Why Sydney recorded negative net office absorption in Q4 | Real Estate Asia

Why Sydney recorded negative net office absorption in Q4

Seven out of 10 office markets saw negative demand during the quarter. 

In a report, JLL said the Sydney CBD recorded negative net absorption of 7,900 sqm over Q4 2023. The negative result was mainly driven by NSW Department of Corrections (9,112 sqm) relocating into existing space across Sydney. 

Small tenant leasing activity (<1,000 sqm) continued to support overall demand levels, although this was outweighed by larger tenant consolidations over the quarter.

Here’s more from JLL:

Negative net absorption was recorded in 7 out of 10 of Sydney’s office markets.
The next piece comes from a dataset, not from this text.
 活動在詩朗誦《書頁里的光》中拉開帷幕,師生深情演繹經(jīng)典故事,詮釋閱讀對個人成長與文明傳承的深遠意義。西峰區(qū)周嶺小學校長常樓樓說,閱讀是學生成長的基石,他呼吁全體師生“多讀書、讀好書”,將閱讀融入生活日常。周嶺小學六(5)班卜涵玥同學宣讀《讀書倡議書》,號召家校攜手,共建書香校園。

The largest positive result was in the Sydney Fringe (7,900 sqm), driven by Afterpay which will relocate into pre-committed space (4,488 sqm) in The Brewery Yard, 5 Central Park Avenue. North Sydney recorded the largest negative result (-28,200 sqm), driven by consolidation activity from financial services sector.

Supply projected to increase in 2024

We recorded no completions and three withdrawals (totalling 15,100 sqm) in the Sydney CBD. There is currently 212,100 sqm of stock under construction in the Sydney CBD with completion dates spanning 2024 and 2025. The largest project under construction is 1 Elizabeth Street (65,000 sqm) which is one of the towers being built above the Martin Place Metro station.
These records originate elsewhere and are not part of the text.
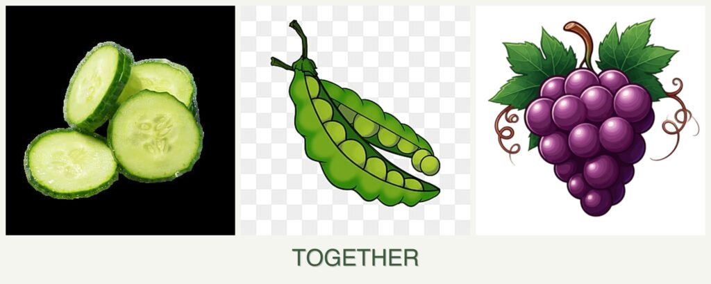 - Improved Flavor or Growth: The nitrogen-fixing ability of peas can enhance soil quality, benefiting the growth of cucumbers and grapes.
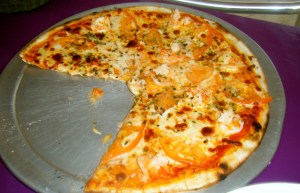 I love good Italian-style pizza and, while it is really hard to find in MSN, there is tons of it in SXM! This is a picture of the shrimp pizza we shared at Orange Fever, which is a little beach bar on Orient Bay Beach (one of maybe two dozen such bars — they all rent chairs and umbrellas for the day, serve drinks and food). I had never considered shrimp on pizza before, but we had had it the day before at Rancho del Sol. We had stopped at Rancho del Sol while we were out exploring and were desperate for food. Once we got there, though, we weren’t really feeling the menu, but we decided to split the shrimp and scallop pizza. Maybe it was just because we were ravenous, but holy cow was it super good. The pizza was divine and the shrimp were just perfectly grilled and scrumptious (the scallops were really not much to write about). Anyway, so we went for it again at Orange Fever and while it wasn’t as tasty, it was pretty yumsville.
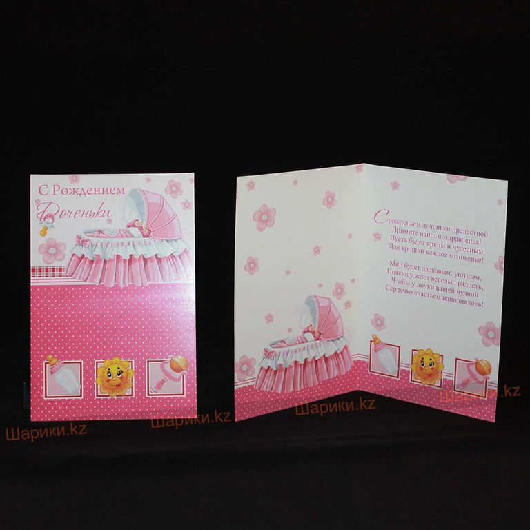 новинка Открытка "С рождением доченьки" 300 тг. В корзину Также рекомендуем:В корзинуСлед Девочка5 500 KZT В корзинуВ корзинуСердце НОВОРОЖДЕННАЯ ДЕВОЧКА1 700 KZT В корзинуВ корзинуУра девочка700 KZT В корзинуВ корзинуКоляска девочки700 KZT В корзину

We recorded two office completions across the Sydney metropolitan markets over Q4 2023 which were M_Park Building A, 11 Khartoum Road, Macquarie Park (16,920 sqm) and The Brewery Yard, 5 Central Park Avenue, Sydney Fringe (5,769 sqm). There is 203,500 sqm under construction across Sydney’s nine metropolitan office markets.

Rents continue to grow for prime grade stock

The Sydney CBD recorded prime net effective rental growth of 0.5% over Q4 2023, mainly driven by an uplift in face rents. Average prime incentives increased by a minor amount to 35.0%. Prime net face rents recorded growth of 1.5% over the quarter as occupier demand remained solid for prime grade stock in certain parts of the market, such as around Circular Quay.
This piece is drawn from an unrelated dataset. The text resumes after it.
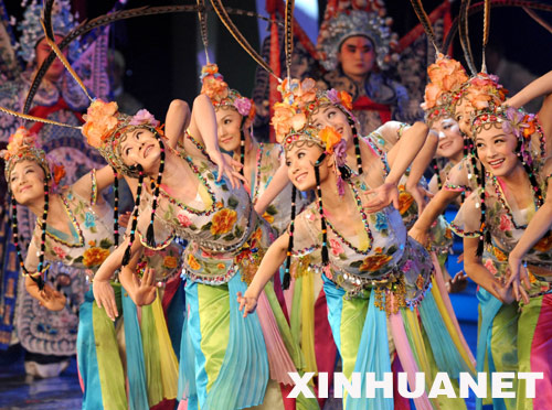 7月29日,演員在表演舞蹈。當日,《百年圓夢——迎2008北京奧運會文藝晚會》在北京舉行。 新華社記者 馬佔成 攝

Prime yields softened across all Sydney office markets, with the Sydney CBD prime yield range expanding 25 bps on the upper and lower end to 5.00%-6.38%. The softening is a reflection of sentiment in the market, in light of an elevated cost of debt environment as well as global economic uncertainty which is impacting pricing levels.

Outlook: New office completions to push vacancy rates upwards

There will be a substantial amount of development activity in the Sydney CBD over 2024 with 180,400 sqm of stock projected to complete. This will be the second highest annual completion figure over the past 20 years. However, this stock has received healthy levels of pre-commitments (~65%). The largest development is 1 Elizabeth Street (65,000 sqm) which is projected to complete in the first half of 2024.

The flight-to-quality theme will likely widen the vacancy spread between newer and older stock as tenants continue moving into quality space, leading to a higher vacancy rate in older-style office accommodation. A number of large office sales are expected to transact over the first half of 2024, which will provide further insights into asset pricing in the current macroeconomic environment.

Note: Sydney Office refers to Sydney's CBD office market (all grades).